Detect various traffic signs (stop, yield, speed limit, etc.).
| Detail | Info |
|---|---|
| Classes | prohibitory, danger, mandatory, other |
| Images | ~900 |
| Source | Roboflow Universe |
| Format | YOLO format |
| License | CC BY 4.0 |
| Download | Road Sign Detection |
Detect fire and smoke for safety monitoring.
| Detail | Info |
|---|---|
| Classes | fire, smoke |
| Images | ~3,000 |
| Source | Roboflow Universe |
| Format | YOLO format |
| License | CC BY 4.0 |
| Download | Fire and Smoke Dataset |
Detect vehicles on roads for traffic monitoring.
| Detail | Info |
|---|---|
| Classes | car, truck, bus, motorcycle, bicycle |
| Images | ~2,000 |
| Source | Roboflow Universe |
| Format | YOLO format |
| License | CC BY 4.0 |
| Download | Vehicle Detection Dataset |
Detect defects on printed circuit boards — great for embedded/IoT projects.
| Detail | Info |
|---|---|
| Classes | missing_hole, mouse_bite, open_circuit, short, spur, spurious_copper |
| Images | ~693 |
| Source | Roboflow Universe |
| Format | YOLO format |
| License | CC BY 4.0 |
| Download | PCB Defect Detection |
A tiny subset of the COCO dataset — perfect for testing your pipeline.
| Detail | Info |
|---|---|
| Classes | 80 COCO classes (person, car, dog, etc.) |
| Images | 128 |
| Source | Ultralytics |
| Format | YOLO format |
| License | CC BY 4.0 |
How to download:
# Ultralytics downloads it automatically when you train with coco128.yaml
uv run yolo detect train model=yolov8n.pt data=coco128.yaml epochs=5
# Or download manually:
# https://github.com/ultralytics/assets/releases/download/v0.0.0/coco128.zip
wget https://github.com/ultralytics/assets/releases/download/v0.0.0/coco128.zip
unzip coco128.zip -d YoloExamples/| Platform | URL | Notes |
|---|---|---|
| Roboflow Universe | universe.roboflow.com | 250,000+ datasets, most in YOLO format, free download |
| Kaggle Datasets | kaggle.com/datasets | Huge collection, may need format conversion |
| Google Open Images | storage.googleapis.com/openimages | 9M images, 600 classes |
| Papers With Code | paperswithcode.com/datasets | Academic datasets with benchmarks |
| Hugging Face | huggingface.co/datasets | Growing collection, easy API |
Tip: On Roboflow Universe, always select "YOLOv8" as the export format. This gives you the exact folder structure YOLO expects.
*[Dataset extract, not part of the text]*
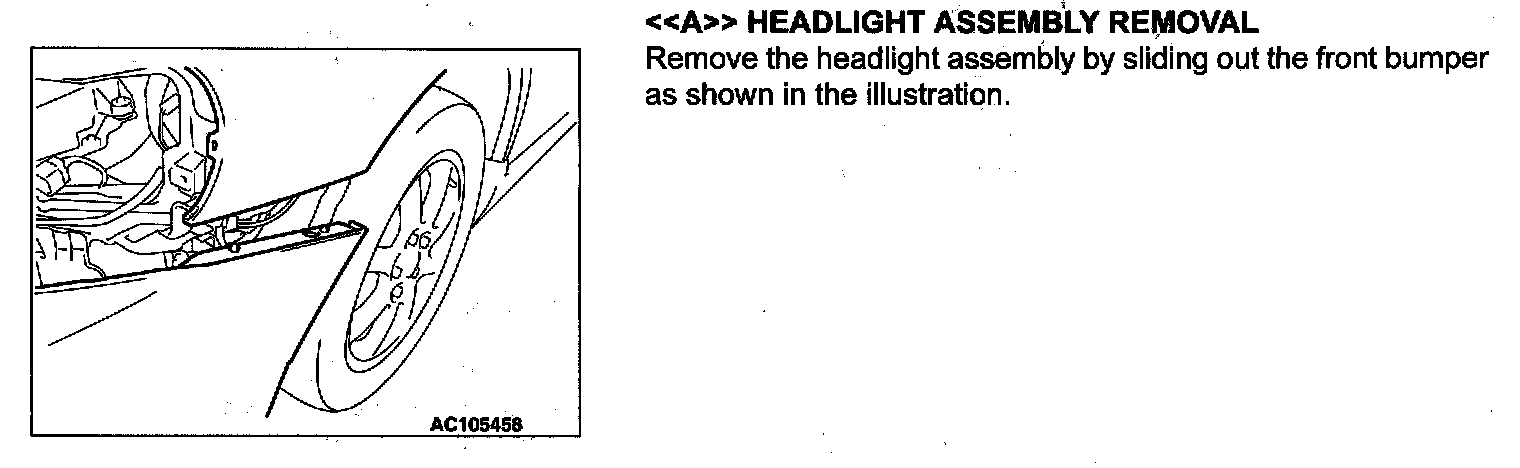 Remove the headlight assembly by sliding out the front bumper as shown in the illustration.

Every image needs a matching .txt label file. Understanding this
format is crucial for annotation and debugging.
Each line in a .txt file represents one object:
<class_id> <center_x> <center_y> <width> <height>
All coordinates are normalized (0.0 to 1.0) relative to the image:
Example: "0 0.45 0.60 0.30 0.40"
Means:
class_id = 0 (first class, e.g., "helmet")
center_x = 0.45 (45% from the left edge)
center_y = 0.60 (60% from the top edge)
width = 0.30 (box is 30% of image width)
height = 0.40 (box is 40% of image height)
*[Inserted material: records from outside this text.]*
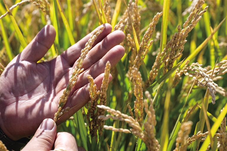 9月24日,在黑龙江省宝清县青原镇,宝清县农业技术推广中心的农艺师在一片稻田中查看水稻长势。
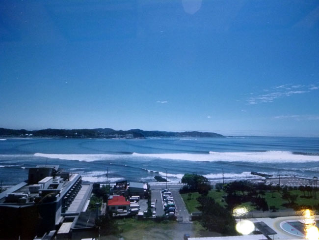 台風が発達しながら相模湾に向かってかなり近づいてきていましたが、前線にブロックされてこの日の朝もまだうねりは入ってきていませんでした。私は朝、波が無かったので町田で仕事をしていました。
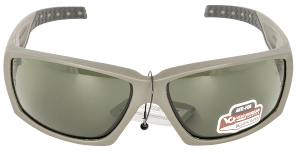 Pyramex's venture gear tactical overwatch glasses is a sunglass style with a metal hinge.It features a soft nosepiece, rubber timple tips, and an anti-fog, scratch resistant polycarbonate lens.Temple Sleeves: RubberFrame Color: OD GreenLens Coating: Anti-FogFrame Type: WraparoundUv Rating: 99%Nose Piece: RubberLens Type: PolycarbonateLens Color: GrayView more
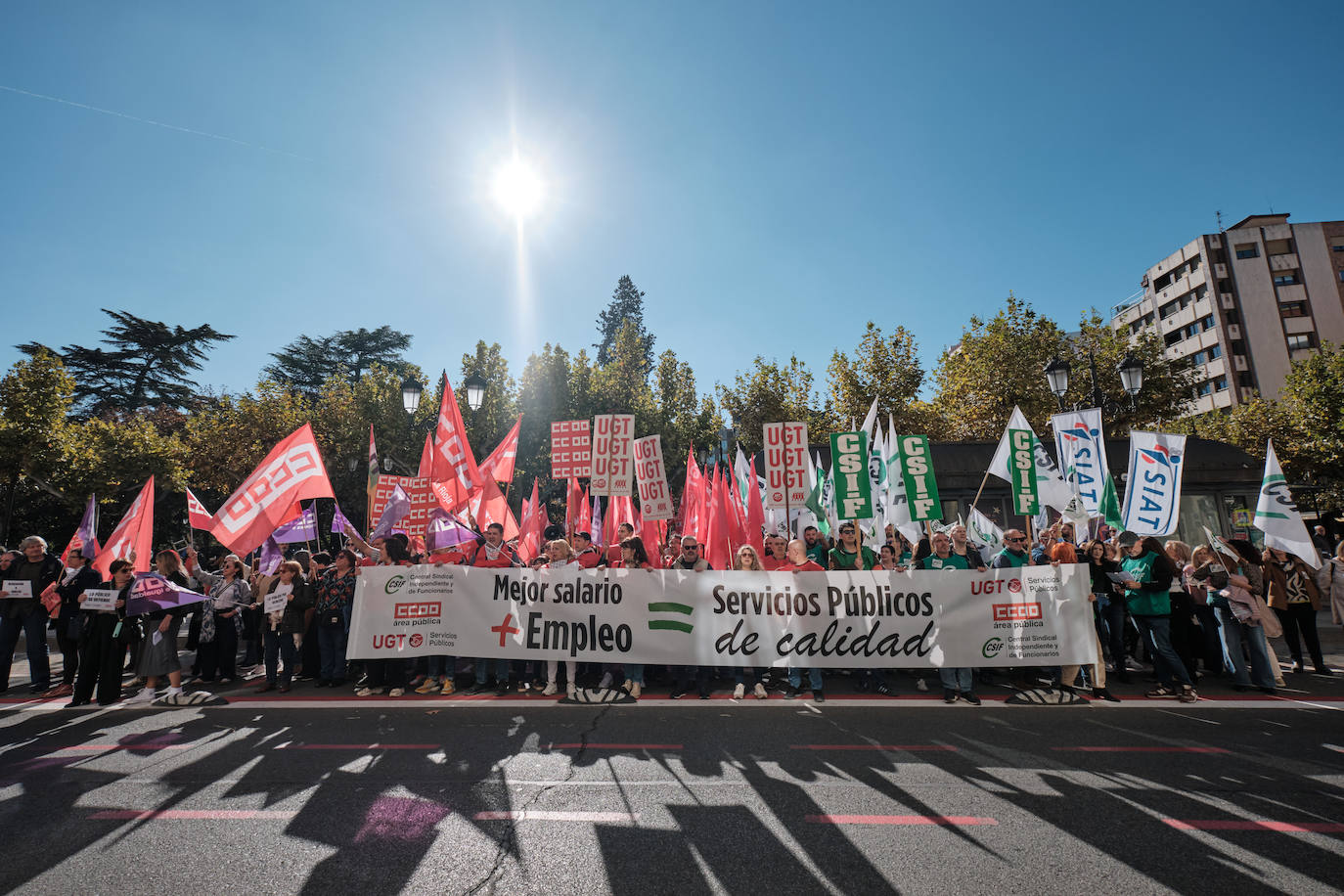 La concentración ha estado protagonizada por una gran pancarta con el lema 'Mejor salario más empleo, igual a servicios públicos de calidad', junto a banderas de los tres sindicatos convocantes; mientras que los participantes han coreado frases como «hace falta ya una huelga general» y «los funcionarios ya estamos aquí».

(0,0) ──────────────── 1.0 ──> x
│
│ center_x = 0.45
│ │
│ ┌─────────┼─────────┐
│ │ │ │
│ │ ┌────●────┐ │ center_y = 0.60
│ │ │ helmet │ │
│ │ │ (0.30) │ │ ← width = 0.30
│ │ └─────────┘ │
│ │ (0.40) │ ← height = 0.40
│ └───────────────────┘
│
1.0
│
▼ y
Normalized coordinates (0-1) work regardless of image resolution. The same label works whether the image is 640×480 or 1920×1080.
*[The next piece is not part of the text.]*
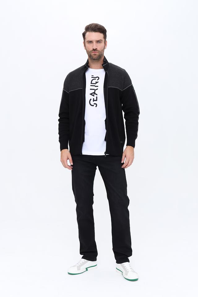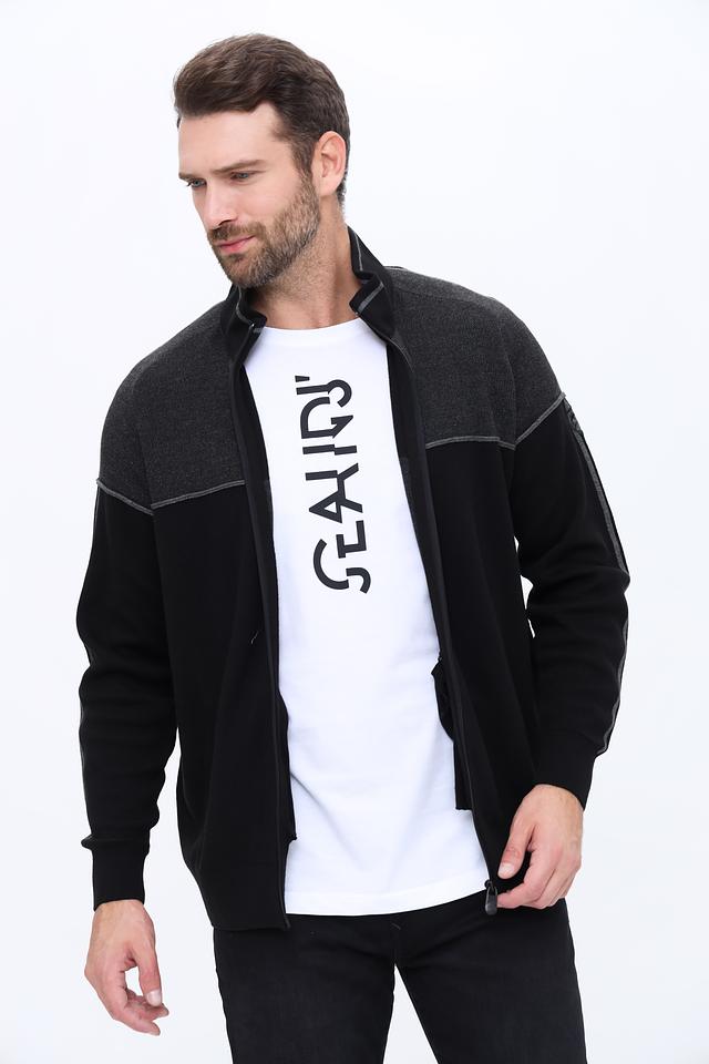 Представляем вашему вниманию мужской кардиган от бренда Claudio Campione. Эта модель выполнена в классическом чёрном цвете с акцентной серой вставкой на плечах и рукавах, что придает ей современный и стильный вид.

If you have pixel coordinates (x1, y1, x2, y2):
# Image dimensions
img_width = 640
img_height = 480
# Pixel coordinates (top-left and bottom-right corners)
x1, y1, x2, y2 = 100, 150, 300, 350
# Convert to YOLO format
center_x = ((x1 + x2) / 2) / img_width # 0.3125
center_y = ((y1 + y2) / 2) / img_height # 0.5208
width = (x2 - x1) / img_width # 0.3125
height = (y2 - y1) / img_height # 0.4167
# YOLO label line:
# 0 0.312500 0.520833 0.312500 0.416667If an image has 3 objects, the label file has 3 lines:
# img001.txt
0 0.45 0.60 0.30 0.40
1 0.75 0.30 0.15 0.20
0 0.20 0.80 0.25 0.35
This means:
- Object 1: class 0 (helmet) at center (0.45, 0.60)
- Object 2: class 1 (no_helmet) at center (0.75, 0.30)
- Object 3: class 0 (helmet) at center (0.20, 0.80)
If an image has no objects to detect, create an empty .txt file.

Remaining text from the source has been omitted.